> _INSTRUCTIONS TO FOLLOW_
Task for the records below: please retype exactly and only the lines from the first through the one with "Introduce a touch", with every picture omitted.

(Items from a dataset)

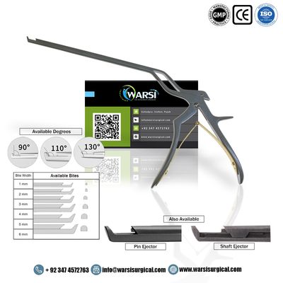 Ceramic BAYONET KERRISON RONGEUR. With and without ejector. Bit 130 Degree 90 degree Available up cut Bit Sizes: 1mm 2mm 3mm 4mm 5mm Shaft Sizes: B:18cm C:20cm More Details: Material: Medical Grade Stainless Steel Marking: (Brand name)(Hospital Name)(Surgeon Name). Guarantee: 1 year Return and Replacement year. Finishing: Stain finish/ Mirror Finish/ Sterile Colour Tunes. Minimum Order Quantity: 5 Pieces. Because these punches are used for spinal neurosurgical procedures and especially for Laminectomy. So Efficiently more bone tissue can be removed in a single step Bayonet Kerrison Available in three versions like non-detachable and detachable and detachable also coated.
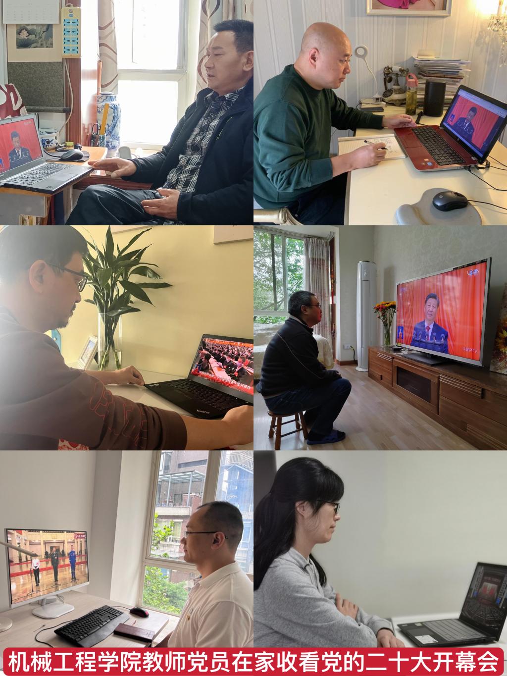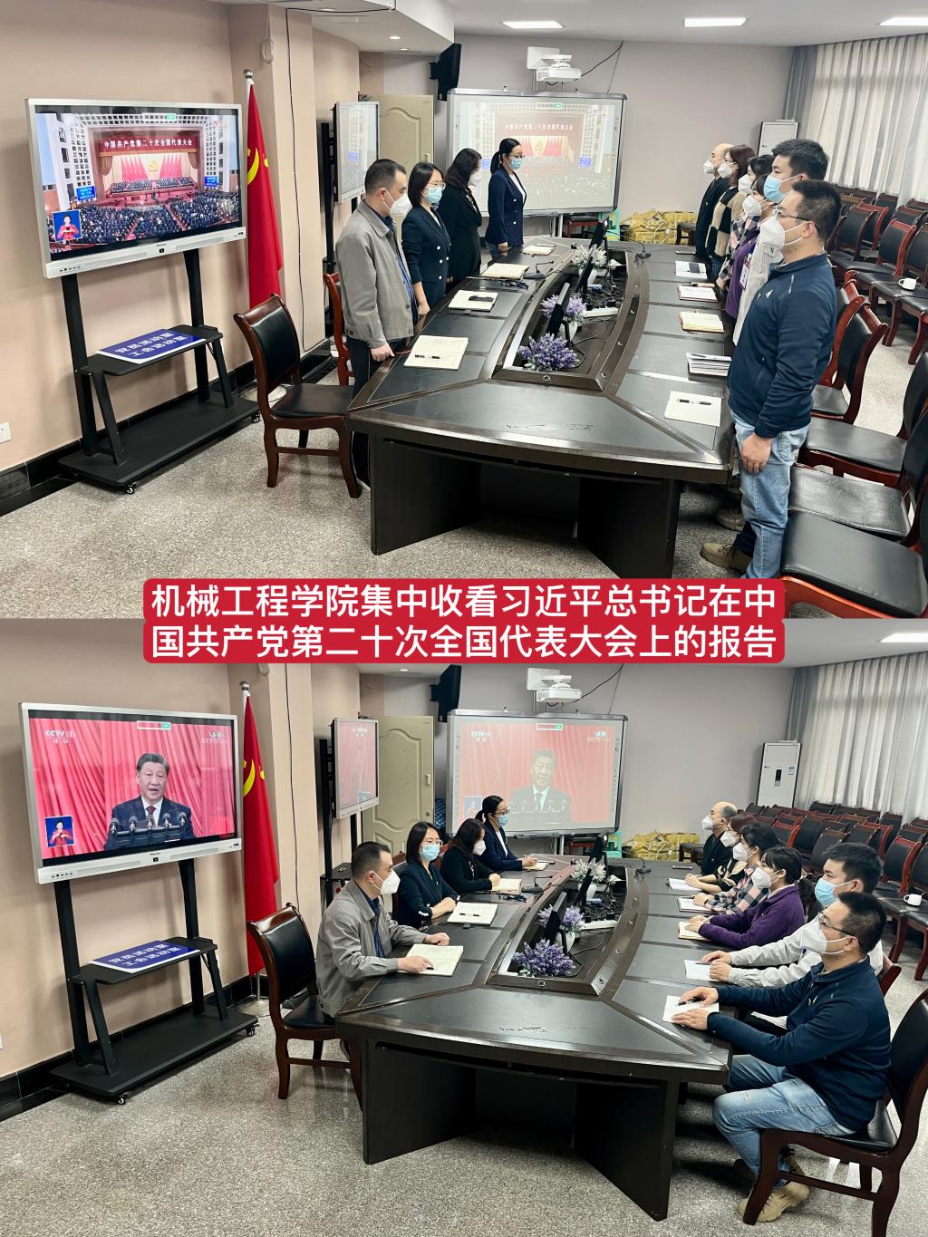 公司在校参与疫情防控的教师党员在公司会议室集中观看开幕会直播。公司老师和员工利用电脑、手机在办公室、寝室或居家自行观看。
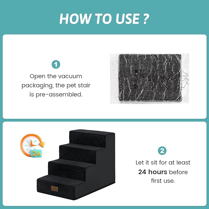 - Easy to Use: Dog stairs are vacuum-compressed and packed together after assembly, so after taking it out of the vacuum-sealed package, please let the sponge sit for 48 hours to fully expand before use. Slight wrinkles on the cover sides may appear after unpacking but can be smoothed out by washing or ironing
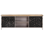 Introduce a touch of elegance and convenience to your interior decor with this trendy wooden TV cabinet! Made of rough mango wood and iron, this HiFi cabinet is durable and sturdy. You can place your TV, router, multimedia appliances, or display decorative items like photo frames, fruit baskets, or vases on the sturdy hardwood top. Equipped with 2 doors and 2 compartments, the TV unit offers ample storage space for various small items. Additionally, the doors are made of real bicycle chain wheels, which are stylish and unique. Important note: Colours and grains vary from piece to piece, making each piece unique. The delivery is random as well.
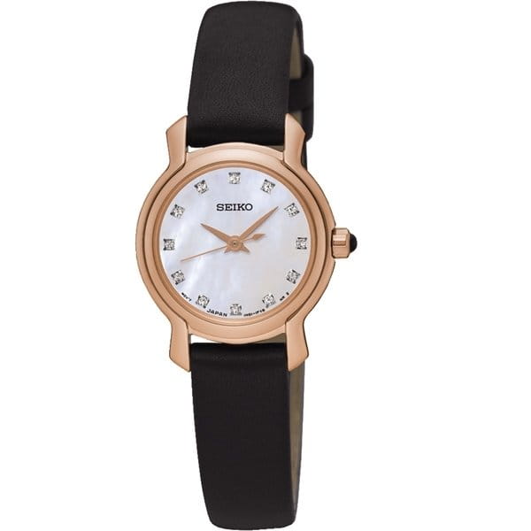 Классические наручные японские женские часы. Кварцевый механизм, калибр Seiko N01. Круглый корпус часов выполнен из стали с PVD покрытием. Перламутровый фон циферблата украшен кристаллами SWAROVSKI. Водонепроницаемость 5 ATM. Ремешок из натуральной кожи черного цвета. Минеральное стекло повышенной прочности Hardlex, устойчивое к появлению царапин. Современный и роскошный аксессуар.
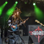 Parked up and errands delivered it’s into the venue with time to spare before we are hit with the percussive onslaught that is the great ASHEN REACH. Covering the band recently supporting Myke Gray on his farewell ‘MYKESTOCK’ tour prior to his final show on the mountain last night. This five-piece laid down some gargantuan beats in Wolverhampton so I’m looking forward to seeing the crowd’s reaction to this up-and-coming band. A huge jump from front man Kyle Stanley gets the show started with ‘Fighting for My Life.’ His animated delivery waking the bleary eyed in the crowd. Guitarist, Joe O’Sullivan has his ginger dreads moving hard as he delivers the doom ridden riffs to ‘Heir to the Throne.’ Jess Stanley hitting the skins hard on this drop tuned monster. Paddy Cummings is shoegazing as his hair covers his face whilst rocking out a meaty middle section of pure dirt, complete with Stanley’s vocal growls and the thundering bass from Mike McCarroll. The song switches to an almost symphonic sound to bring us to the finish and then we’re into ’Prey’ a mellower tune in its build up until an ear-piercing scream from both Stanley and Cumming’s break the monotony. The deliberate almost spoken lyric carries this song forward, sharp guitars weave around a thundering backline on this eerily delivered song. Fan favourite ‘Epiphany’ follows with it’s riffing intro interrupted with pitched squeals and heavy cymbal and tom work. This monastic banger has a medieval feel feel to it, heavy on the evil mind. Again, the hair is flying as this huge song is thrust at the nodding crowd. The set is finished with the title track to their album, ‘Homecoming’. Stanley fires it off with another leap into the air after the noodling guitar intro which lasts for nearly a minute before it up tempos and shortly after, we get a delicate side to Stanley’s vocals. The song is full of tempo changes and screaming guitar, with Stanley and O’Sullivan down the runway in the early afternoon sunshine, they bring this song to a raucous end, with guitars and fists held high they have opened the final day of Steelhouse 2022 and a great job they’ve made of it judging by the crowd’s reaction.
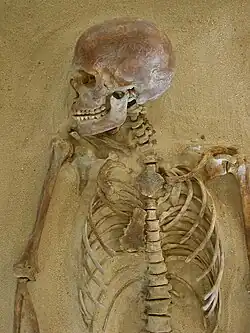 A skeleton of a woman who lived in the Mesolithic is named Lady of Bonifacio. It was found at what is the Avenue Sylvère Bohn, north of Bonifacio, on Corsica. There is a rock shelter there, called Araguina-Sennola, which is classified as Monument historique.
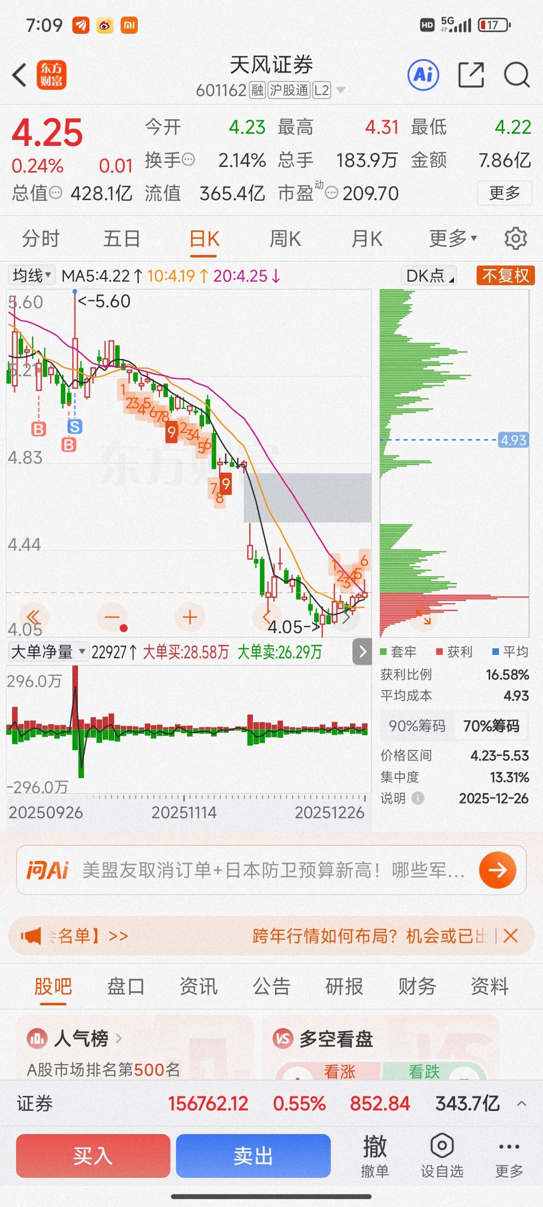 $天风证券(SH601162)$ 这走势真牛逼,证券带头砸,指数还能4000点左右想,现在看看证券真是虎口夺肉啊,但是我也没好哪里去,这个月负12%,凭运气赚的钱凭实力亏了,还在站岗
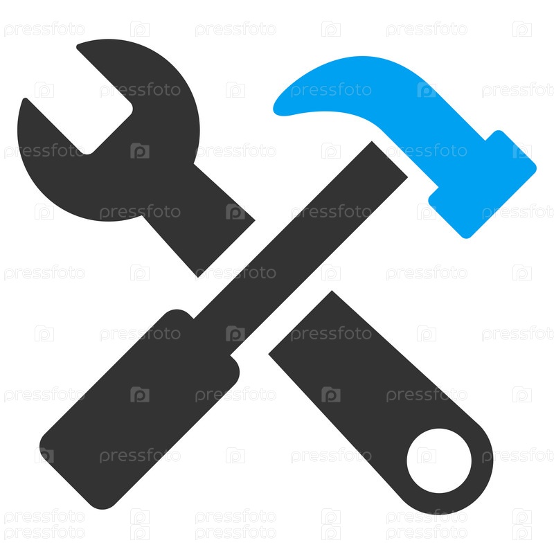 Молоток и иллюстрации инструментов. Стиль является биколор плоский символ, голубой и серый цвета, закругленные углы, белый фон

> _RESPONSE TO THIS TASK_
 Ceramic BAYONET KERRISON RONGEUR. With and without ejector. Bit 130 Degree 90 degree Available up cut Bit Sizes: 1mm 2mm 3mm 4mm 5mm Shaft Sizes: B:18cm C:20cm More Details: Material: Medical Grade Stainless Steel Marking: (Brand name)(Hospital Name)(Surgeon Name). Guarantee: 1 year Return and Replacement year. Finishing: Stain finish/ Mirror Finish/ Sterile Colour Tunes. Minimum Order Quantity: 5 Pieces. Because these punches are used for spinal neurosurgical procedures and especially for Laminectomy. So Efficiently more bone tissue can be removed in a single step Bayonet Kerrison Available in three versions like non-detachable and detachable and detachable also coated.
 公司在校参与疫情防控的教师党员在公司会议室集中观看开幕会直播。公司老师和员工利用电脑、手机在办公室、寝室或居家自行观看。
 - Easy to Use: Dog stairs are vacuum-compressed and packed together after assembly, so after taking it out of the vacuum-sealed package, please let the sponge sit for 48 hours to fully expand before use. Slight wrinkles on the cover sides may appear after unpacking but can be smoothed out by washing or ironing
 Introduce a touch of elegance and convenience to your interior decor with this trendy wooden TV cabinet! Made of rough mango wood and iron, this HiFi cabinet is durable and sturdy. You can place your TV, router, multimedia appliances, or display decorative items like photo frames, fruit baskets, or vases on the sturdy hardwood top. Equipped with 2 doors and 2 compartments, the TV unit offers ample storage space for various small items. Additionally, the doors are made of real bicycle chain wheels, which are stylish and unique. Important note: Colours and grains vary from piece to piece, making each piece unique. The delivery is random as well.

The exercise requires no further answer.